## SOURCE DATA
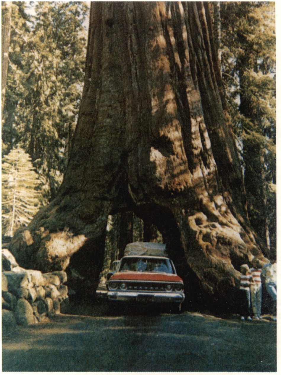 图①这就是跨立在约斯迈特国家公园公路上的巨杉树,中空的树干基部已成可通汽车的隧洞。
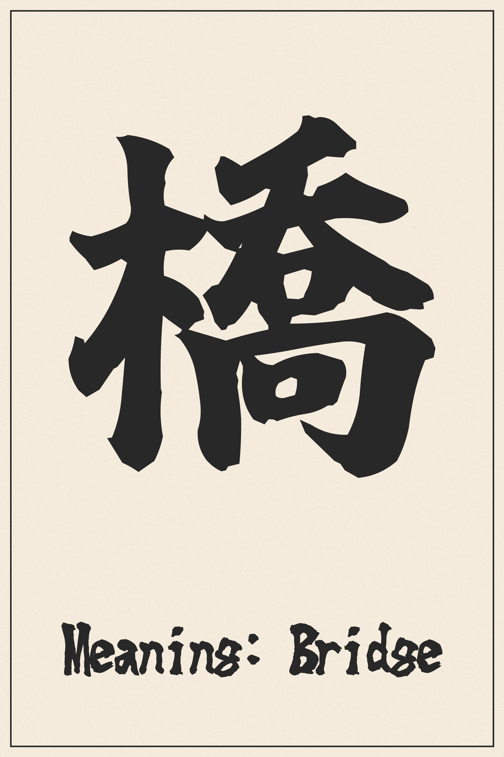 The character 橋 originally depicted a wooden bridge (木) over water, with the right side representing a tall structure or an elevated crossing. It elegantly conveys the idea of a path or structure that spans an obstacle.
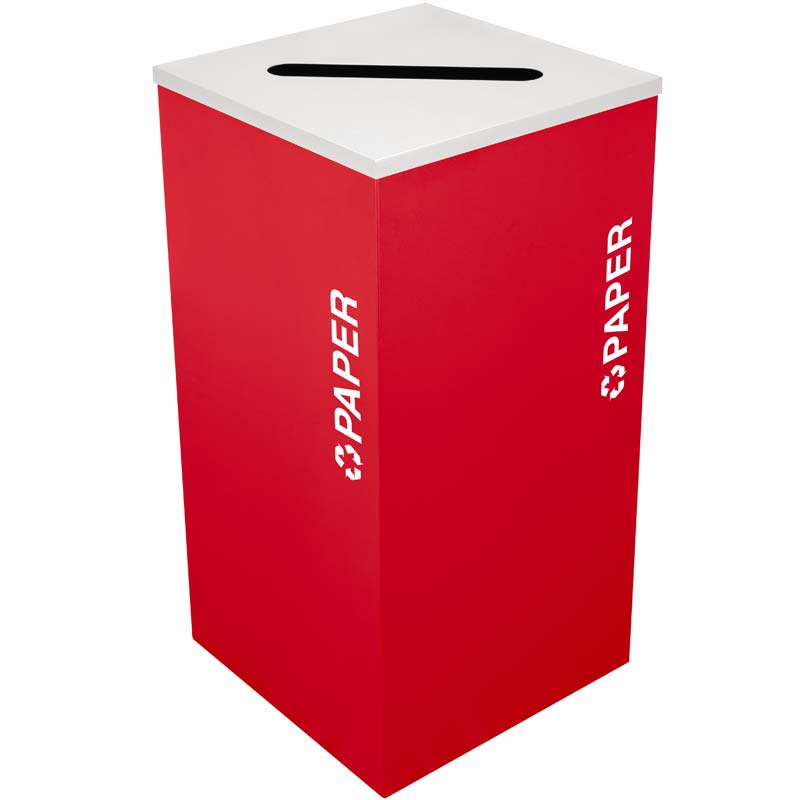 • Insert openings are dedicated to desired waste stream; 4.5" circle for Bottles/Cans & Plastic, 2" Paper Slot and an 8" square or half moon Trash opening.
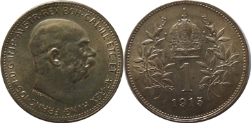 1 koruna 1915 - bez zn - Nov.75, vlas škr v ploše
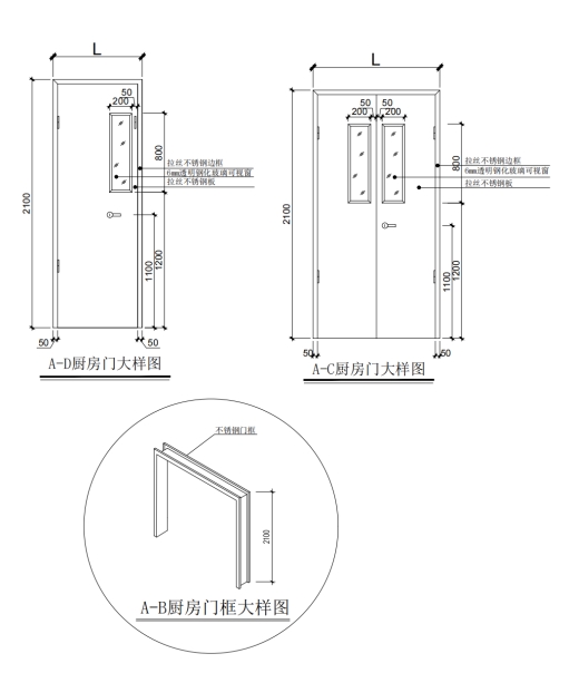 2.款式:一体成型平面门扇,双包门套,带200*800mm可视窗安装6mm钢化玻璃;
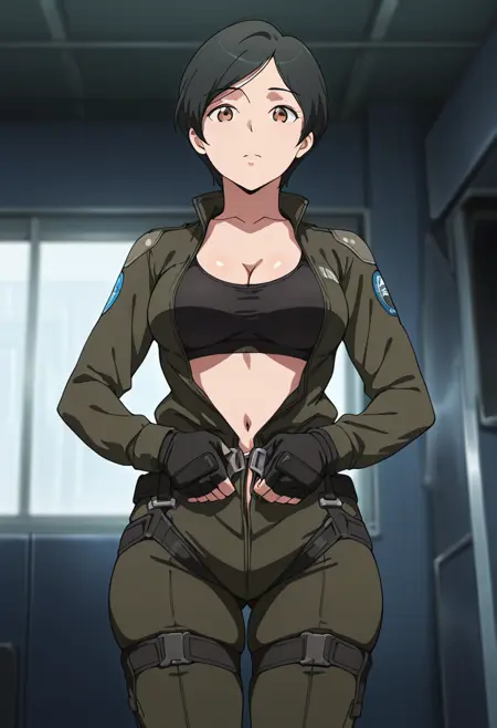 "neck guard" or "open clothes, unzipped, black sports bra, navel, midriff"
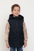 Жилет из джерси полуприлегающего силуэта, имеет английский воротник. Аккуратная баска гармонирует с вырезом горловины. Модель подходит для девочек с разными типами фигур. По линии втачивания баски, дополнена поясом на кольцах и этой же ткани.
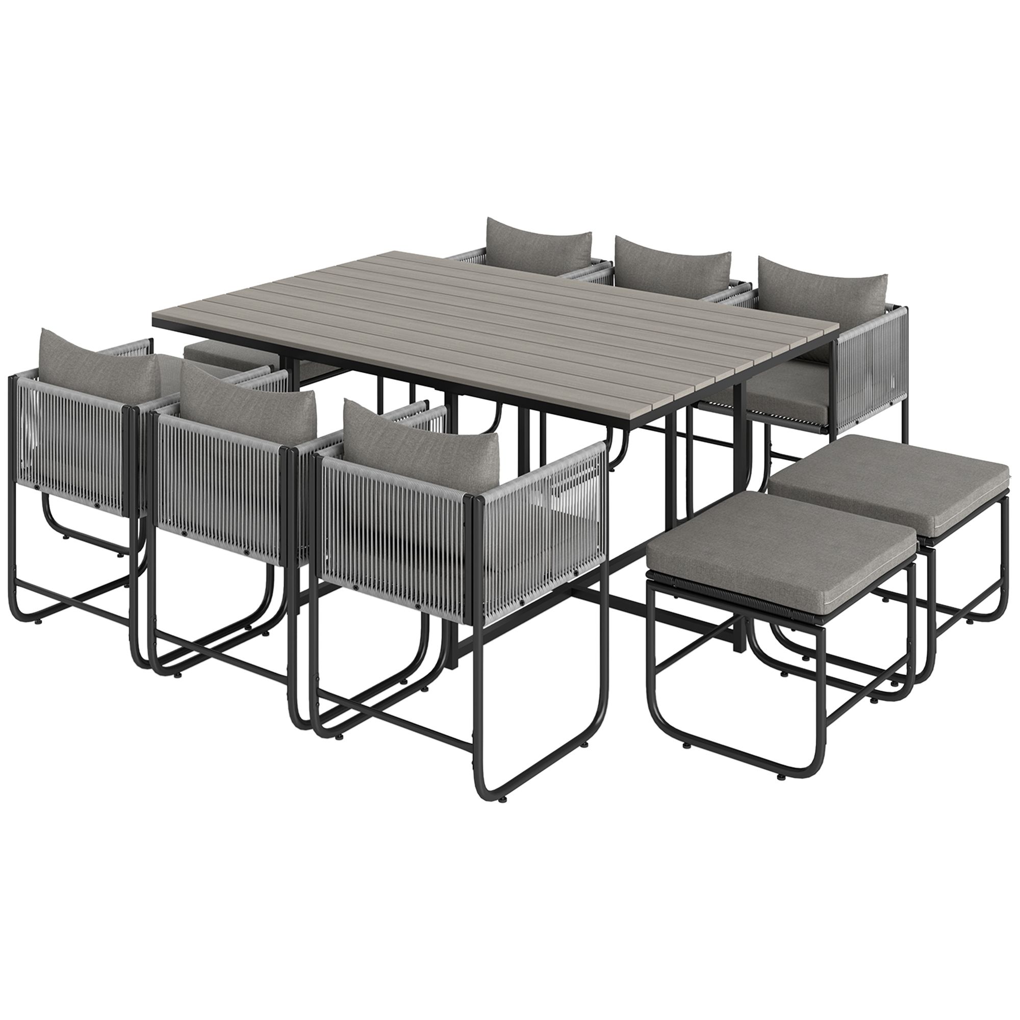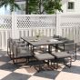 SUNVISTA 10-Seater Rattan Cube Dining Set, Outdoor Furniture with Cushions & Wood Grain Table, Grey

## WHAT THE TASK REQUIRES
Exactly the lines from the one holding "1 koruna 1915" through the last line of the entries must be set down, with nothing added and no pictures.

## YOUR RESPONSE
 1 koruna 1915 - bez zn - Nov.75, vlas škr v ploše
 2.款式:一体成型平面门扇,双包门套,带200*800mm可视窗安装6mm钢化玻璃;
 "neck guard" or "open clothes, unzipped, black sports bra, navel, midriff"
 Жилет из джерси полуприлегающего силуэта, имеет английский воротник. Аккуратная баска гармонирует с вырезом горловины. Модель подходит для девочек с разными типами фигур. По линии втачивания баски, дополнена поясом на кольцах и этой же ткани.
 SUNVISTA 10-Seater Rattan Cube Dining Set, Outdoor Furniture with Cushions & Wood Grain Table, Grey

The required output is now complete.